These basic insights provide a context for the findings to be described
below, generated in my role as a psychoanalytic observer without religious bias, pro or contra, relying upon the safeguards offered by the
adaptive approach to minimize distortive countertransference-based
influences (Langs, 2004a, 2006).
Some Initial Considerations
Based on my supervisory and personal clinical experiences and compared to the impression I have derived from the literature, I would
state that manifest religious and spiritual themes and direct allusions to
God appear far less often in the free associations of patients in adaptive
psychotherapy than they seem to under other definitions of psychoanalytic treatment.
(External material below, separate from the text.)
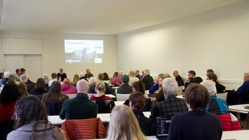 Im einleitenden Vortrag skizzierte Kück die zentrale These: Die westliche Demokratie, wie sie viele Jahrzehnte stabil und scheinbar alternativlos erschien, sei durch globale Krisen vielfach erschüttert worden. Geopolitische Abhängigkeiten von günstigen Rohstoffen und sicherheitspolitische Garantien hätten eine trügerische Stabilität erzeugt. „Die Kombination aus billiger Wärme durch russisches Gas, in China billig produzierten Waren und einer durch die USA billig garantierten Sicherheit ist Geschichte. Aus und vorbei“, pointierte Kück. Michael Koß griff diesen Gedanken auf und betonte in seiner These die Notwendigkeit, die aktuellen Herausforderungen nicht nur als Krise zu verstehen: „Die Demokratie ist von Natur aus umkämpft. Ihre Stabilität in den letzten Jahrzehnten war eher die Ausnahme. Jetzt erleben wir die Rückkehr zur Normalität.“

Direct references to God and broader, God-related
transformational experiences are especially uncommon in my experience. When religious imagery does emerge, it tends to come from religiously inclined patients; they are extremely rare in those not so inclined. Privately, a therapist, including adaptive therapists, may have
their own personal religious preferences, but these are not shared with
the patient. I have worked with many nonbelieving therapists, and I
have supervised a handful of adaptationally oriented therapists with
strong convictions regarding the existence of a transcendental God.
Their religious orientation was revealed mainly through coincidental
discussions at times of personal contact; it was not elicited during their
supervisory work because it is not seen as relevant to the role requirements of an adaptive therapist and was not expected to exert a palpable
effect on how these therapists did psychotherapy.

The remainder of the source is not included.